Many women with disabilities identify themselves as feminists, but reject a pro-choice position on abortion, arguing that abortion is too often used as a form of eugenics against disability: this position is difficult for many non-disabled feminists to understand or accept. -- disability theologian, Deborah Beth Creamer (in Disability and Christian Theology, pg 17)
In 2002, as new parents of a daughter with Down Syndrome, we were informed that since our quality of life would be impacted by her potentially low quality life, we had the option of walking away from the hospital without her.
Have things changed much?
A century ago, Americans determined that since persons with disabilities obviously had a poor quality of life, the compassionate option was to remove them from society through a system of eugenic practices (institutionalization, forced sterilization, marriage laws). While the most egregious practices ended by 1930 the question on quality of life persisted, particularly within the medical profession.
A recent fascinating five-part webcomic, illustrated by a mother encountering potential cystic fibrosis in their child, reminded me of this point. The doctors (using a medical model of disability) informs them CF is a chronic, fatal disease, leading to a poor quality of life (part 2). The family thinks through options of terminating the pregnancy, following the doctors lead - worried that they would be contributing to pain if they brought the fetus to term (part 3). They rejoice when they find out their child does not have CF, or Down Syndrome, or any other genetic difference (part 4). The concluding panel extols the virtues of new tests, able to be performed in the first trimester, allowing families to make the decision to choose early termination (part 5).

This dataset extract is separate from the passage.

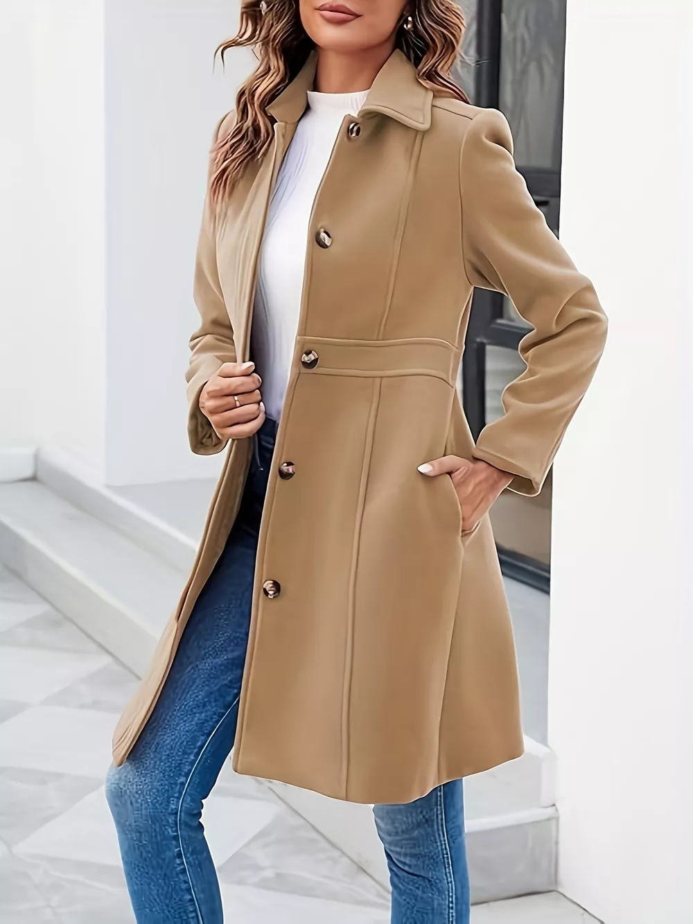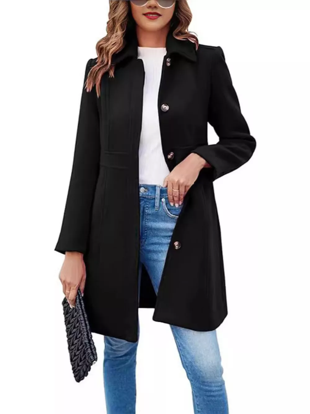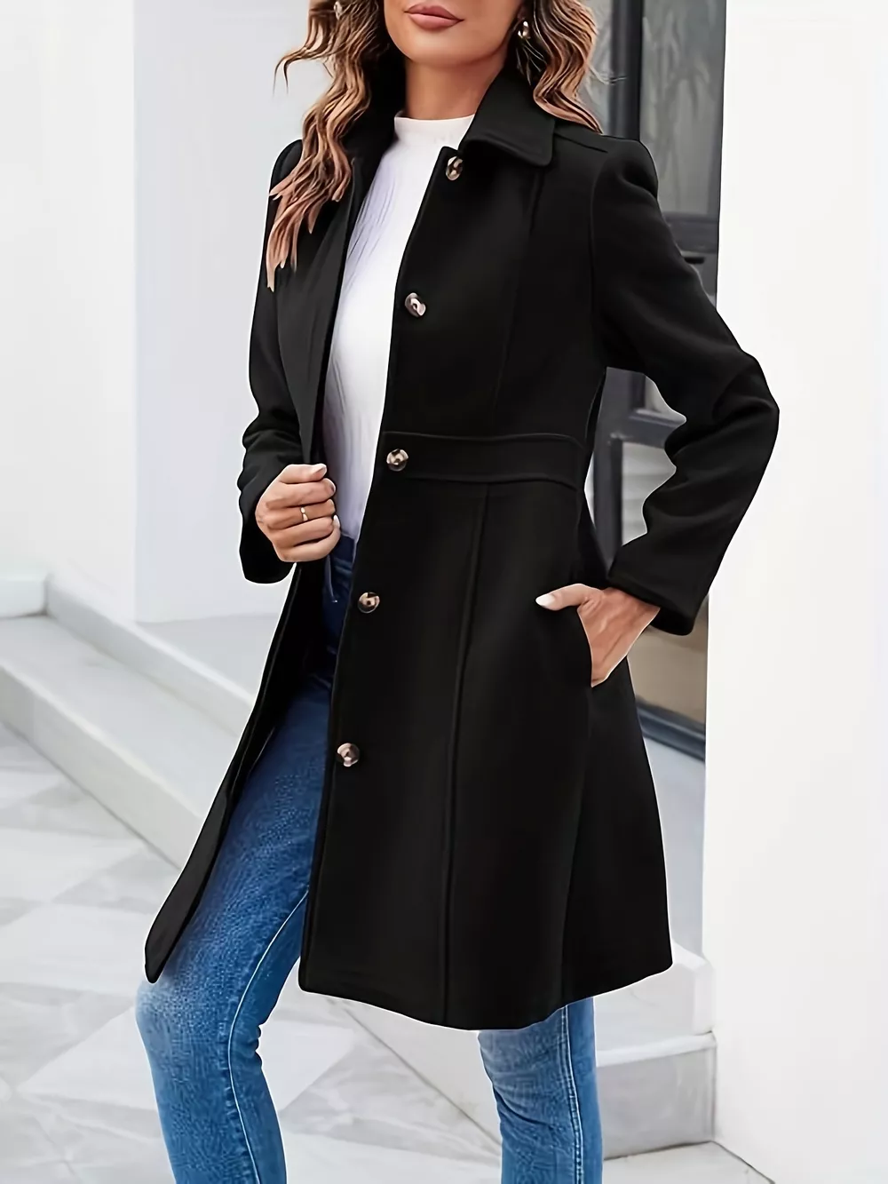 Button-Down Wool Blend Coat
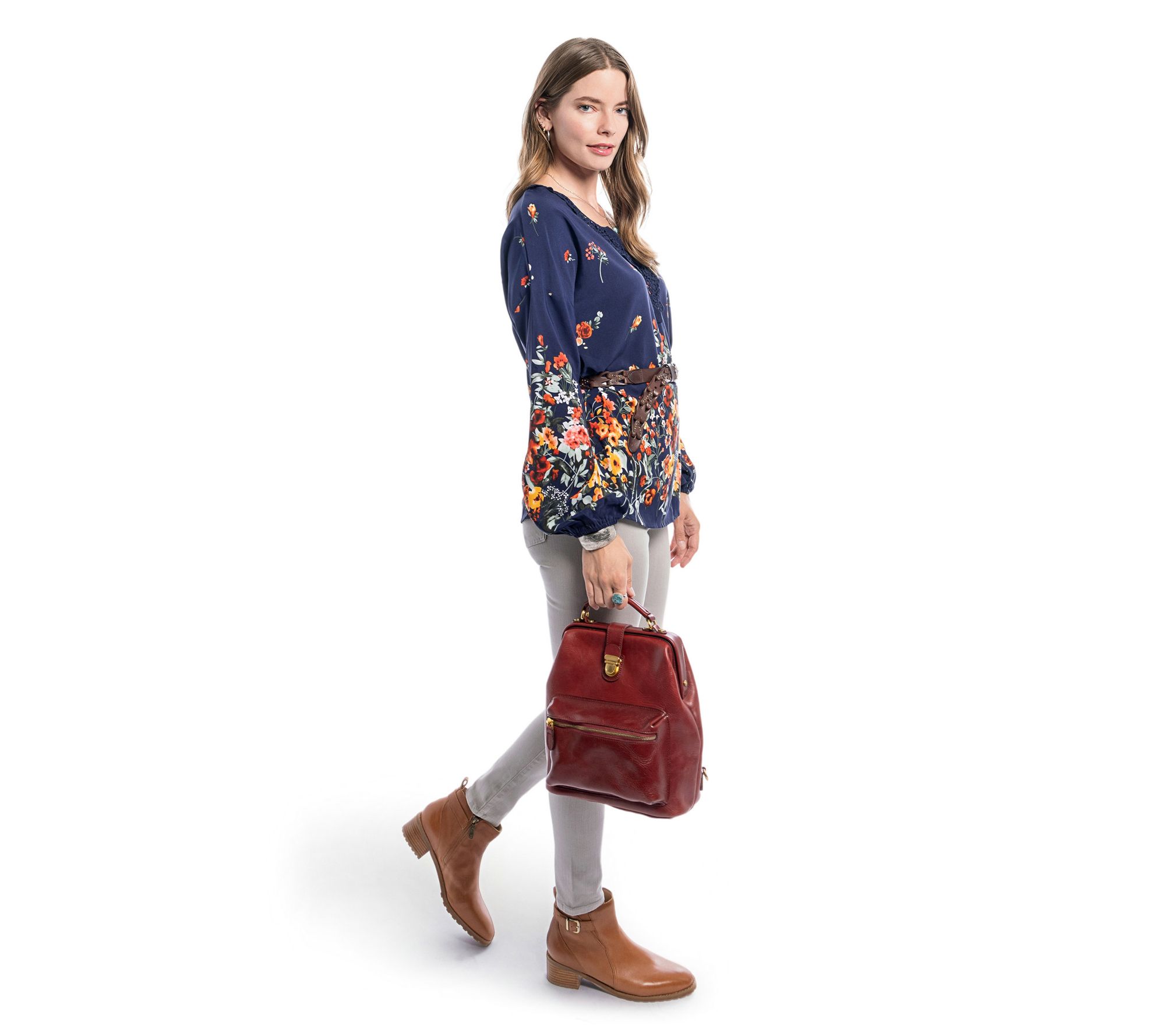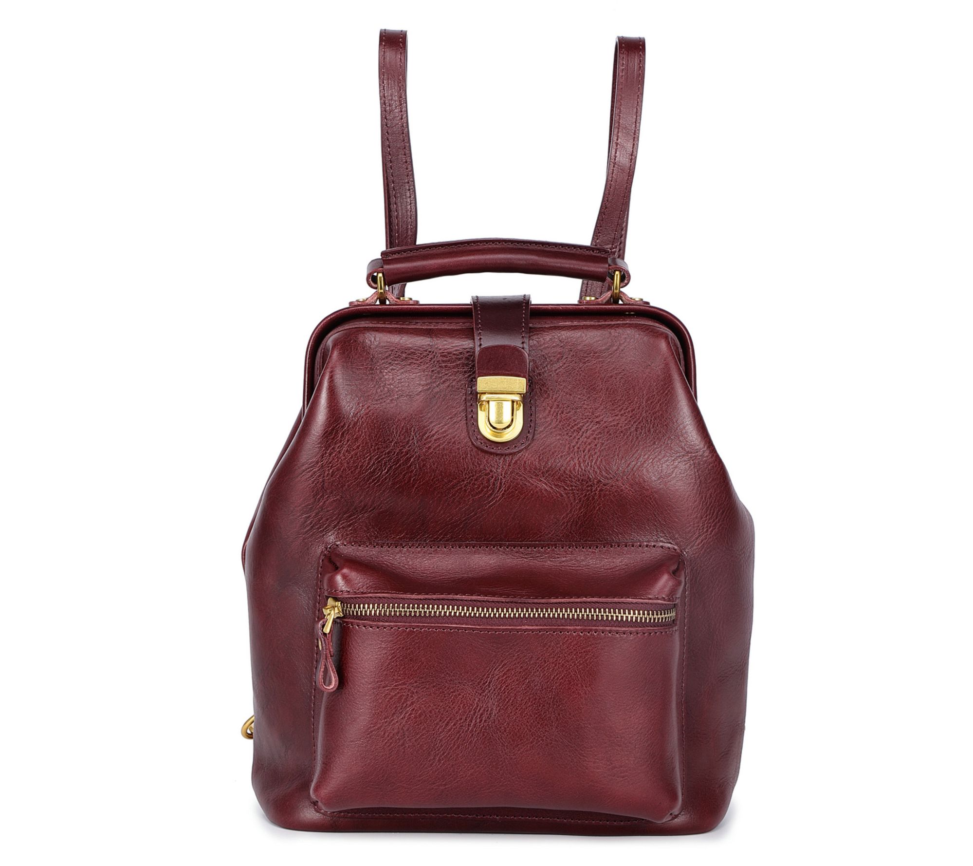 Whether you're heading to a coffee meeting or exploring the city, this leather top handle doctor backpack delivers timeless style and hands-free convenience. Versatile and easy to carry with a structured silhouette, it keeps essentials organized while turning daily errands into a fashion statement. From Old Trend.

Before I make potentially critical comments, I understand the pain, emotion, and the sense of loss of control that all families and parents encounter walking through these stages. I do not fault anyone for wondering, exploring, even cursing God during these times (read the Psalms).
Yet, as a father, I can assure you that my quality of life since our daughter entered our lives is higher than it was before, even though I have less money, older cars, shorter vacations, and sleepless nights.
I grow concerned that "quality of life" of a person with a disability is often mistranslated as the "quality of life's convenience" for persons without a disability. A person with a disability becomes objectivized and loses their own agency. The temporarily able bodied person perceives that his own quality of life may decline if he has to enter into a mutual relationship with a person or child with a disability. As many studies have shown, the opposite is in fact true. Furthermore, I would posit that the quality of life for the whole human race would increase if we all entered into vulnerable relationships with those who are experiencing limited embodiment a few years before we are ultimately destined as well.
Human life is wondrous, multi-faceted mystery, shaped by a million different factors yet united by the imprint of God. Quality of life has less to do with our current limited embodiment as it does with our mutual love and relationships with family, friends, and if not them, our Savior. The metrics that do exist on measuring family quality of life recognize the influence of these factors. It definitely is not determined by money, status, or temporary ability. Quality of life can then truly only be determined by each person with a disability in conversation with their Creator.